Hippy mentality? Hardly. Taming the aggressive beast began long before the hippies. It could be called a Christian mentality but it goes further back than that. Every time a farmer adds ten acres to his cultivated field or a cowboy breaks an extra horse for a roundup or a chef puts two more burners on a range to accommodate some extra pots or a store owner adds a dozen more items of merchandise, he’s channeling that aggressive instinct and it’s not likely he’s even considering war in any way, shape, or form.

Sex is certainly instinctive. We don’t even have to learn to fuck. The desire to have sex is instinctive. From that point, no one knows. If we did, the debate on gay rights would have been over sixty years ago. The fixation of one’s sexual desires is probably genetic, and, as such, is no more instinctive than the color of one’s hair. What is learned is the characteristics of that fixation: long legs, sparkling eyes, brown hair, high cheekbones, or boys with high levels of testosterone who pronounce themselves masculine but for the right amount of money will have sex with a telephone pole. Those are fetishes and everyone one of us has some; they are not instinctive behavior. I happened to prefer a man my own age who takes his time and stays with it till everybody’s happy. But he had to teach me that and I’m glad I learned it.

Animals? Of course we are. But almost every single one of those pesky human-animal instincts can be controlled by channeling, education, or fear. Oh, I know, a hungry person will do anything to alleviate the hunger; that’s part of being an animal. Well, how many times have you heard about a hungry mother devouring her child? Cats do it. Dogs do it. Even sentimental fleas do it. Only an insane (not an instinct, a disease) human mother would.

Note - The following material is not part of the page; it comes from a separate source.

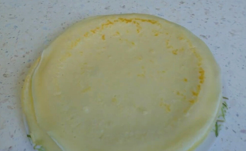 Налить тесто тонким слоем по всей поверхности. Поджаривать до появления золотистой корочки, затем перевернуть и дожарить с другой стороны.

The point about alpha males is really interesting. I suddenly had visions of the wolf pack which lives in the mountains across from our house. One brute of a male, snarling, growling, howling, beating every other wolf down around him. I’ve watched them through my binoculars from horseback. It definitely is instinctive – but bullying is not the instinct – fucking is. Being the alpha male, or lead stallion, or bull of the woods has nothing to do with aggression, it has to do with who gets to fuck the female. Next time you’re in a gay bar and an absolutely stunningly beautiful twink walks in – watch the alpha males begin to circle. I don’t think any of them is planning to beat him up.

You know, like I tell my students, this argument can go on forever. It all boils down to what we’re willing to do and what we’re willing to not do, who we’re willing to do it with, and what we’re willing to go through to get it. Somewhere in there is the truth and none of us has a patent on it. I’ve said just about all I have to say on this subject. I’m going upstairs and see if I can find an old man willing to let nature take its course. His instincts aren’t as sharp as they used to be, but his reflexes are right on the money!
 
I was also bullied at school and at home by this boy. I was about 14 and had never been in any serious fight, but this person kept on picking on me for no apparent reason. Anyway after months of bullying and turning the other cheek I finally cracked. After a day of abusive comments and pushing I said to this lad "I'll meet you on the football pitch at home at 6pm" - lol it was like gunfight at dawn. Word soon got around and there was quite an audience, but that didn't bother me as my anger had got the better of me. I went down to the field, jumped on the guy and gave him the biggest beating he's ever had. Needless to say I never got picked on again and I never got any joy out of beating him up, just a sense of relief.